Number geeks—and pie aficionados—around the world have an excuse to indulge themselves today. It’s Pi Day, when the calendar reflects one of the world’s most important mathematical constants.
Pi is a circle's circumference—the distance around it—divided by its diameter, or the distance through its center. The relationship holds no matter the size of the circle: The rim of a soup can and a planet's equator both yield a ratio of pi.
This rather simple-sounding description belies some rather fascinating qualities, says Ron Hipschman at the Exploratorium in San Francisco. Museum staff held the first Pi Day celebration in 1988 by eating pie, and have carried on the tradition every year since, adding a Pi Day "shrine" and a procession.

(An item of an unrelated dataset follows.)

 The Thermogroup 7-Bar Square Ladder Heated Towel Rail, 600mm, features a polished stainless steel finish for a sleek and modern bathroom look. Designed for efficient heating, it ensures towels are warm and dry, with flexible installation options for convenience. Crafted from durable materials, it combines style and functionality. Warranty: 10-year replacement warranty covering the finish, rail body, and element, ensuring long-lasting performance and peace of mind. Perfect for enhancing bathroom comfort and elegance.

"Pi is interesting because it goes on forever [and its sequence] never repeats," Hipschman says. That's probably part of the reason why people are so enamored of it, he adds.
The history of pi
People have known about this number for thousands of years—it even shows up in the Bible. And the fascination cuts across cultures. The Babylonians, ancient Greeks, and even the Chinese have tried their hand at calculating ever more accurate versions of pi.
The famous mathematician Archimedes attempted an exact calculation of pi in 250 B.C. using two 96-sided polygons—one drawn inside a circle and a second one drawn outside. He argued that the value of pi would lie between the lengths of each polygon's perimeter. His was the first theoretical, and most accurate, calculation of pi at the time.

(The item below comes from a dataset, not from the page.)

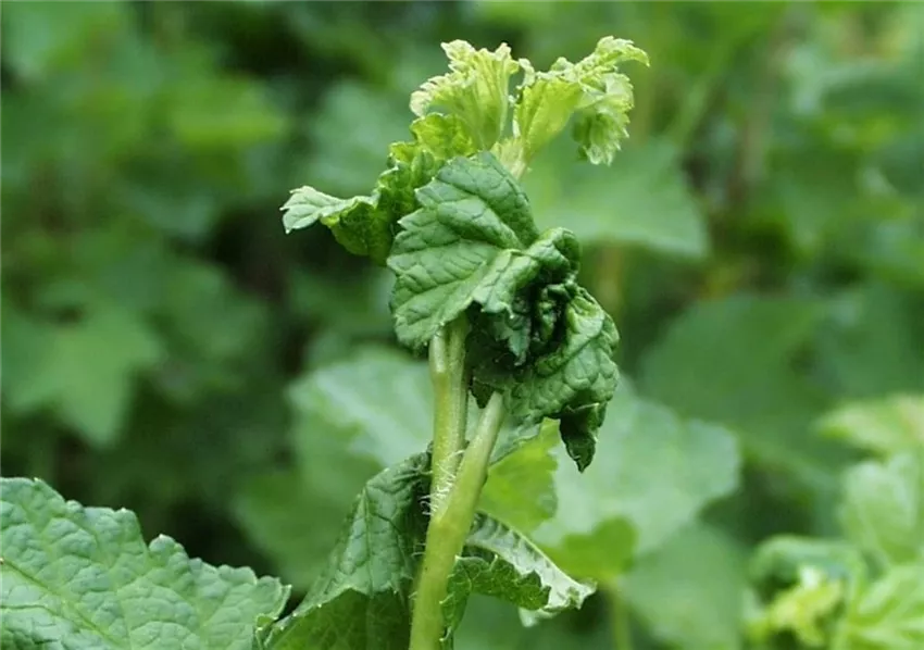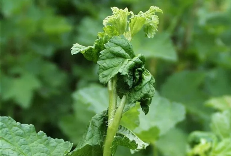 An Schwarzer Johannisbeere, kommt es im Frühjahr zu leichen Blattdeformationen und Aufhellungen der Blattadern durch die Gänsedistellaus (Hyperomyzus lactucae).

Through the years, people have calculated pi to greater accuracy. But the hunt for even more decimal places really got cracking with the development of computers. Two American mathematicians calculated pi out to 1,120 digits in 1949 using a desk calculator. Currently, pi has been calculated out to 13.3 trillion decimal places, Hipschman says.
How Pi Day is celebrated
People express their love of this unique number in myriad ways, from memorizing and reciting as many digits as they can—the current record-holder got to 70,030 decimal places—to composing haikus and songs.
In 2009, the U.S. Congress declared March 14 as Pi Day with a vote of 391 for and 10 against. "Ron Paul voted against it," says Hipschman, "among others."
Even bastions of higher learning celebrate in their own way. The Massachusetts Institute of Technology releases its admissions decisions every March 14.
Meanwhile, many others around the world honor Pi Day in the most delicious of ways: by baking pies
"People like celebrating," says Hipschman, "especially when pie is involved."